Plaza Centro garage work greets drivers into Downtown

By Teya Vitu

As you emerge from the Broadway underpass, concrete columns stick out of the ground and a rounded, wooden shell gives the first sense of the Plaza Centro Garage at the very east edge of Downtown.

The rounded south end is the curved ramp for what will be a 370-space garage scheduled to open at the end of August.

What the construction site is not telling you yet is that the Plaza Centro Garage brings with it Downtown’s first truly urban setting.

The Pennington Street Garage from 2005 was Parkwise’s first foray into adding urban touches into a garage. Café Poca Cosa sits on the garage’s street level as do the Parkwise and Downtown Tucson Partnership offices.

The Plaza Centro Garage, 345 E. Congress St., takes that hint of urbanity to the next level.

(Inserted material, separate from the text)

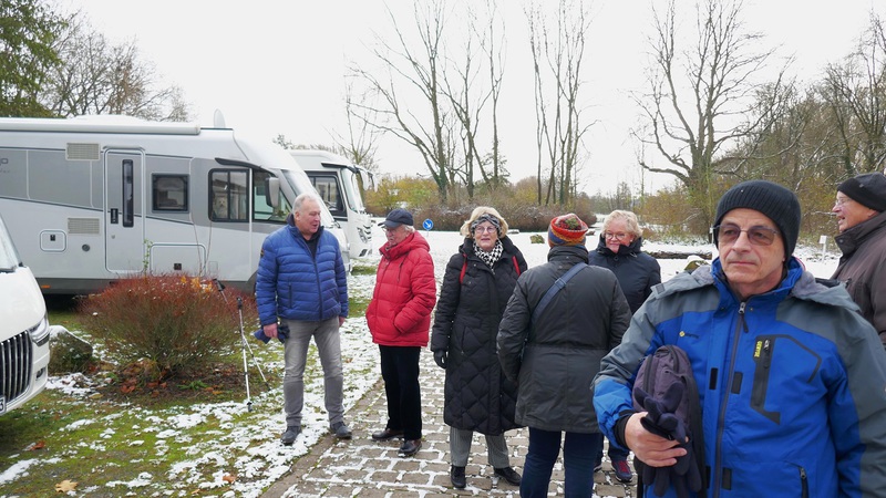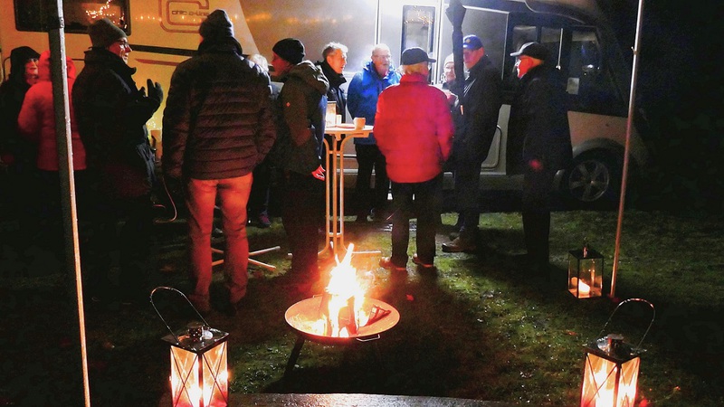 Schon am Sonntag 26.11.2023 waren die ersten Vagabunden-Mobile (Brose, Nobbe u. Thee) eingetroffen, der Rest traf bis Montagnachmittag auf dem hübsch an der Okeraue beim Stadtbad gelegenen Stellplatz ein, vereinzelnd witterungsbedingt bei Schneefall mit Verspätung. Der Platz ist relativ zentrumsnah (ca. 1,2 km), er hat 2 moderne, saubere und gut beheizte SanitärContainer, die ÖPNV-Busse fuhren 3-4x stündlich in 150 m Entfernung vom Stellplatz ab. Ab ca. 17:00 h fand dann die herzliche Begrüßung der angereisten Vagabunden statt - im Beisein der Gäste des RC Salzgitter-Wolfenbüttel, des Präsidenten Robert Löffler, der Past-Präsidentin Frau Annette Werthmann und des Präsidenten elect Jürgen Loos - und das Ganze sehr stimmungsvoll bei leichtem Schneefall mit Glühwein und (von Elfriede Nobbe) selbstgebackenem Weihnachtsgebäck, beim Schein einer Feuerschale und Laternen und Lichterketten zwischen den WoMos.

The tiny 1.93-acre site is wedged between Congress Street, the Fourth Avenue underpass and the railroad tracks and will offer 20,000 square feet of street-level retail, 8,000 square feet of townhouse or office space and 50,000 square feet for an estimated 50 residential units. And, oh yes, the 370-space parking garage on four above-ground levels.

“We are creating a true urban environment,” said Teresa Vasquez, downtown planner for the Downtown Tucson Partnership.

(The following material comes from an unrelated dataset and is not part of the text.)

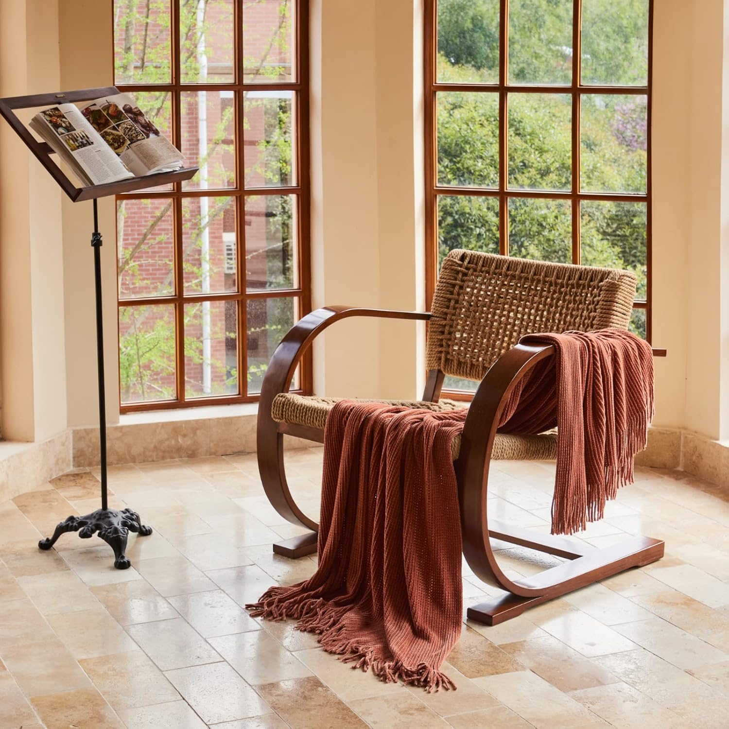 - 【FANTASTICAL DESGIN】LIFEIN throw blanket for couch nicely neutral solid knit design and well-arranged rustic farmhouse style fringes, this knitted throw blanket is in kinda terracotta/burnt orange rust, which is a pretty easy way to match your room to add an extra solid terracotta boho feature, don't you want have a rust throw blanket for your home decor?

The retail and office/townhouse space will wrap around the western and northern faces to largely mask the garage in back. The 50 residential units would go atop the garage, said Chris Leighton, parking program coordinator for the city’s Parkwise, which operates the parking meters and the Pennington, Depot Plaza, Library and City/State garages.

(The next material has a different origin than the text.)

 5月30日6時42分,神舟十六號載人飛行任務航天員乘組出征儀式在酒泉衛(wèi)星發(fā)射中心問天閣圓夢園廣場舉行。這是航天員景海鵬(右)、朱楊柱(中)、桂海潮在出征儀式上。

Parkwise is in partnership with Jim Campbell of Oasis Tucson, who would build the residential and office space.

Plaza Centro has been Campbell’s brainchild for more than five years and would also include mixed-use development on the city parking lot (former Greyhound station) between the Rialto Theatre and Plaza Centro Garage. That lot will close once the garage opens, Leighton said.

Construction so far has focused more on each end rather than the middle. By early February, work had reached the third of the four levels.

“It’s getting to a point where people may start getting a sense of what it will look like,” Leighton said.

D.L. Withers Construction is building the garage. D.L. Withers moved its offices Downtown a year ago to 147 N. Stone Ave., and was the title sponsor for the Downtown Parade of Lights in December.

Construction started in October on the $6.5 million Plaza Centro Garage, at the same time Parkwise opened the 286-space underground Depot Plaza Garage next to the new Martin Luther King Jr. Apartments and the One North Fifth Apartments.

Drivers really haven’t found the Depot Plaza Garage yet because the plaza atop it remains a fenced-off but unworked construction site. Access is on Fifth Avenue just behind One North Fifth and across from the west end of Hotel Congress.

“It’s very low usage right now,” Leighton acknowledged. “It’s a very convenient location for the east end of Downtown.”

Half the garage is set aside for monthly rentals from One North fifth and MLK tenants, and half are available to the public at the same rates that apply at the other Parkwise garages: a free first hour and $2 for 2 hours.

But the Depot Plaza Garage is the only Parkwise-operated garage where you can pay by credit card at the gate if you forget to pay before you get back to your car.

The city leases the Depot Plaza Garage from the Rio Nuevo Multipurpose Facilities District, which owns the garage, and Parkwise operates it.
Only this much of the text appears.